The overwhelming information flow of modern times is urgently calling for computer-based methods to distill the knowledge that is both comprehensible and important to us. This book is a collection of such methods. Data Mining (DM) is a technology for Knowledge Discovery (KD), which means finding novel, understandable, and potentially useful patterns in data. DM for KD started taking shape as an individual discipline in the late 80s, so the book addresses a relatively new area, currently gaining momentum. Despite the immaturity of the area the authors are not hyper euphoric about it: they warn the reader to be cautious about calling KD "evolutionary and unique approach". This view has resulted in an "umbrella"' book consisting of nine self-contained chapters, each one introducing a specific area. These areas (machine learning, pattern recognition, neural networks, fuzzy systems, rough sets, evolutionary computing and data preprocessing) differ in terminology and technology but have the same main goal -- discovery of knowledge from data. It is always a good idea to give the methods their own labels before renaming them as the bricks of the new domain (DM and KD). A certain coherence may be lost, however the preserved individuality of the DM methods within their own theoretical frameworks makes the book an excellent compact reference tool.

The book begins with an enlightening introduction into the terminology and philosophy of DM and KD. The authors characterize the data (large volume, missing values, uncertainties of various types), outline the main knowledge patterns (rules and trees), and specify the basic models, detailed in the ensuing chapters.

Rough sets are introduced in Chapter 2 with the help of 23 examples, guiding the reader through the concepts of information systems, indiscernability relations, lower and upper approximation of a set, and accuracy of approximation. Classification and extraction of decision rules by rough sets are explained, with data reduction playing a major role.

Chapter 3 introduces fuzzy sets. Unlike many similar texts, the authors give proper attention to the crucial problem of how to determine membership functions: empirically (4 methods are given) or by parametric oprtimization. Starting with the simple concepts the authors build the next level: fuzzy relations, triangular norms and co-norms, extension principle, fuzzy arithmetic, measures of fuzziness, "defuzzification" (representation of a fuzzy set by a single number). The links between fuzzy sets, rough sets, and probability are sketched. The "frame of cognition" (a set of semantically linked fuzzy sets on the same universal set) is presented in detail as the basis of fuzzy reasoning, a highly adequate model for DM and KD.

Bayesian decision theory is presented in Chapter 4. Relevant notions from classical pattern recognition are introduced: Bayes risk, minimum risk classifier, decision regions, discriminant functions (deriving the linear and quadratic discriminant classifier for normal class-conditional probability density functions), parametric, nonparametric and semiparametric probability density estimation. Chapter 4 concludes with a probabilistic neural network model (PNN). Compared with the rest of the book, this chapter is quite condensed, has a much more theoretical flavor, and requires some mathematical background. The authors use clear, adequate, and consistent notations and terminology, widely accepted within the pattern recognition community, which makes the text readable and very useful for the interested audience.

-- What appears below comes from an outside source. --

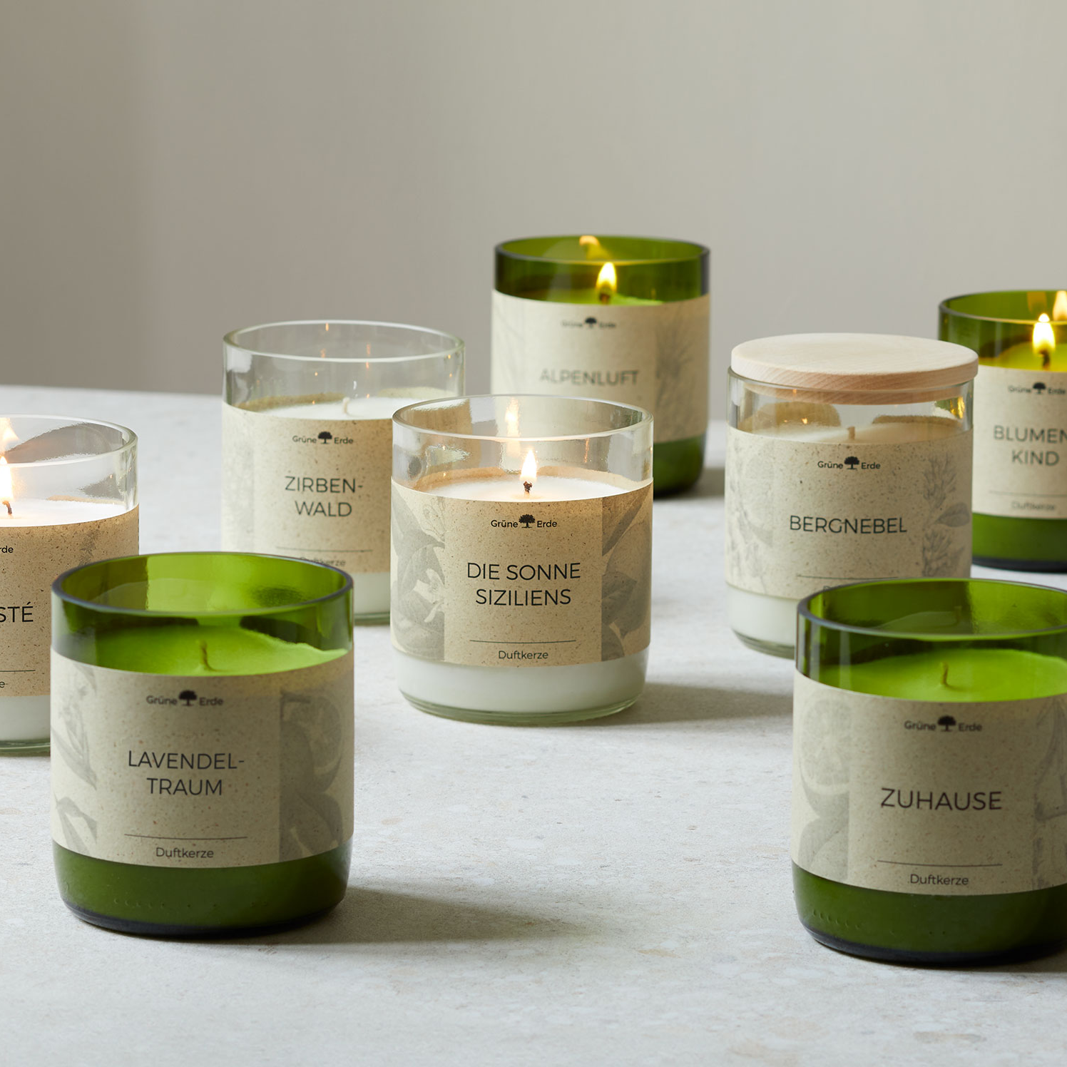 Die Duftkerzen werden in rezyklierte Gläser aus Österreich gegossen. In vielen kleinen Produktionsschritten werden Weinflaschen in besondere Kerzengläser verwandelt. Sie werden sorgfältig gewaschen, geschnitten und die Kanten fein säuberlich geschliffen. Das Glas kann nach Abbrand der Kerze leicht gereinigt und praktisch wiederverwendet werden. Durch unseren dazu erhältlichen Zirbenholzdeckel wird das Glas zu einer Aufbewahrungsdose mit angenehmen Zirbenduft.

Combinatorial problems arise frequently in data mining, e.g., when selecting a robust, consistent and comprehensible core from a large rule base. To address this type of problem Chapter 5 introduces evolutionary computing, covering the basics of Genetic Algorithms (GAs), and exemplifying evolutionary strategies, evolutionary programming, and genetic programming.

Machine Learning (ML) methods are described in Chapter 6. Unlike Bayesian methods and neural networks which are ``black boxes'', ML output does not require further deciphering: typically it comes as a rule base or a decision tree. This makes ML methods a very suitable model for DM and KD. Chapter 6 details two popular ML designs: AQ algorithms for rule extraction, and ID algorithms for constructing decision trees. A hybrid algorithm between the two is also explained, and all three types are compared on synthetic and real data. A collection of DM methods is illustrated on a cardiological diagnostic problem. Discretization of continuous-valued attributes is also well covered.

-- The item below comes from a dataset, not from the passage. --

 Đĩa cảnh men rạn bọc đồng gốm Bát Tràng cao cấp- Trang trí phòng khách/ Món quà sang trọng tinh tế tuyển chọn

A glimpse of Neural Networks (NN) is given in Chapter 7 beginning with NN architectures and learning modes. Radial Basis Function (RBF) networks are chosen as the main DM design. Although RBF networks are not particularly suitable for large data volumes, their relationship with a class of fuzzy if-then systems makes the trained RBF network interpretable and understandable, as explained in 7.3. Kohonen's Self Organizing Map (SOM) and an Image recognition NN complete Chapter 7. Clustering in undoubtedly an important facet of DM and KD.

Chapter 8 begins with an introduction to hierarchical and objective function based (traditional and fuzzy) clustering and proceeds with the well illustrated advanced concept of context-oriented fuzzy clustering.

Preprocessing of data is methodologically exposed in Chapter 9. Principal Component Analysis (PCA), Karhunen-Loeve expansion, and Fisher's projection are suggested for feature extraction. A general paradigm for feature selection is presented, discussing feature selection criteria and search algorithms. This chapter is a natural complement of Chapter 4 (Bayesian methods), which together give an excellent succinct account of the statistical pattern recognition background of data mining and knowledge discovery.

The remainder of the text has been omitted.